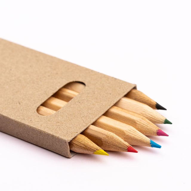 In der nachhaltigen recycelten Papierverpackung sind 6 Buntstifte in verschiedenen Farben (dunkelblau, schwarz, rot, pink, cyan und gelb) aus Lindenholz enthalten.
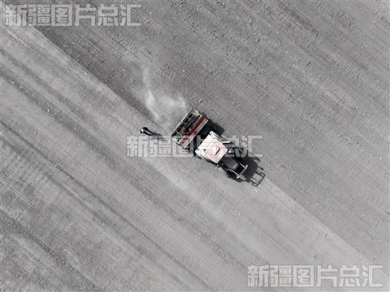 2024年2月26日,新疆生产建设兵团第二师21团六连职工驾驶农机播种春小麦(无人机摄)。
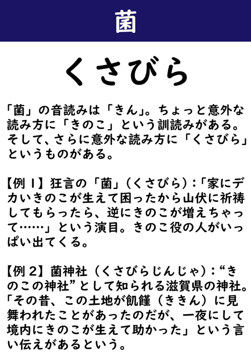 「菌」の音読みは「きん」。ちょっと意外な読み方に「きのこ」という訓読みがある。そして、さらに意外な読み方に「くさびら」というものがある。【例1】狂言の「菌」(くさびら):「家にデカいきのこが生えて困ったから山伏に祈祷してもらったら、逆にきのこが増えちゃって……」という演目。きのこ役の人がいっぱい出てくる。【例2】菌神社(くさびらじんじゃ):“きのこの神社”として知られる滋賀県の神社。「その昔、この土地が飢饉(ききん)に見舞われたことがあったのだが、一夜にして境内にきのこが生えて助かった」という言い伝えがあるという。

_ _ _ _

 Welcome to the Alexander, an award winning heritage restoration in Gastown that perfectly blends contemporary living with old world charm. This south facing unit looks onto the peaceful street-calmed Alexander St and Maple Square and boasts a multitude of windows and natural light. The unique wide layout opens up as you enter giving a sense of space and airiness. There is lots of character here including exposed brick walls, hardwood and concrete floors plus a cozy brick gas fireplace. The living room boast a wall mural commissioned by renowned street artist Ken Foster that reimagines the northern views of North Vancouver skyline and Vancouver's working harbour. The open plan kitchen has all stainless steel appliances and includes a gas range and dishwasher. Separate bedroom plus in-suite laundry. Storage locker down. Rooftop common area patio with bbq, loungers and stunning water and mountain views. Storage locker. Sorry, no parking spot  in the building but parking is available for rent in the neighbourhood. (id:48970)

_ _ _ _

--- Task ---
Look through the material above. Transcribe exactly the lines between the ones with "In der nachhaltigen" and "2024年2月26日,新疆生", inclusive, and keep pictures out.

--- Solution to this exercise ---
 In der nachhaltigen recycelten Papierverpackung sind 6 Buntstifte in verschiedenen Farben (dunkelblau, schwarz, rot, pink, cyan und gelb) aus Lindenholz enthalten.
 2024年2月26日,新疆生产建设兵团第二师21团六连职工驾驶农机播种春小麦(无人机摄)。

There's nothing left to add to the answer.